What sort of system are you looking for? And what are you starting with - do you have a complete bike that you want to convert to an IGH or are you starting fresh? 
If you want a Rohloff and would like to save money, well, good luck... but there are some ready made bikes that come with the SHimano 7 and 8 speed systems for not too much... then you can take the parts you want and try to sell the rest to offset the cost. Here is an example...

Schwinn Sporterra Comfort and Hybrid bikes
GT Mountain Bikes, 29er mountain bikes, Multi-speed

These bikes are all close to the price I paid for my Alfine 8 speed - just the hub + shifter!


----------



## jtrops (Aug 4, 2008)

If you want a three speed hub, and you are crafty you can pick one up pretty cheap on a bike at the thrift store. Just don't wast time with the old Shimano 333's. They are junk. 

I was going to buy the new Nuvinci hub for my cargo bike, when I found a bike with the old Nuvinci for $200 brand new. That was by far the cheapest way to check out the CVP system, and with a different rear wheel the donor bike was still worth $100 on CL. I would scour the web and see if you can't find a hub of your liking on a closout bike. You might be surprised what shows up.


----------



## applehead110 (Jul 25, 2008)

I have a complete bike I am working with but was looking to see if someone had a wheel built and the kit ready to go, I would rather buy it that way to start out to see if if I would like the IGH type system before making such a huge investment in the near future. As far as system I am interested in the Alfine 8 system since my bike now has center lock rotors.


----------



## TobyNobody (Mar 17, 2004)

How much do you want to spend? (besides 'as little as possible')


----------



## vikb (Sep 7, 2008)

applehead110 said:


> I have a complete bike I am working with but was looking to see if someone had a wheel built and the kit ready to go, I would rather buy it that way to start out to see if if I would like the IGH type system before making such a huge investment in the near future.
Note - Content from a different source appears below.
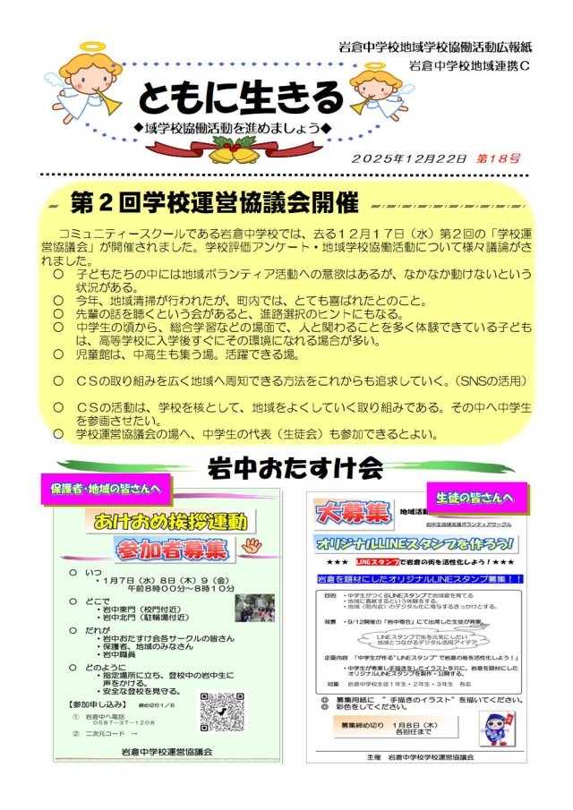 岩中地域課学校協働本部からの広報紙です。第2回の学校運営協議会について掲載しました。また、その場で協議されましたおたすけ会の活動についても掲載しました。

As far as system I am interested in the Alfine 8 system since my bike now has center lock rotors.


Be wary about buying a used IGH. Unless you get a long test ride in you may find the reason it is being sold is because it's not working quite right and if sold as is you will be out of luck trying to get your $$ back. A perfect Alfine and a broken Alfine look exactly the same when from the outside.

Also there is little point trying an IGH unless it's the one you want to use. If you got a cheap Nuvinci and didn't like it that doesn't mean anything with respect to how you would like an Alfine 8.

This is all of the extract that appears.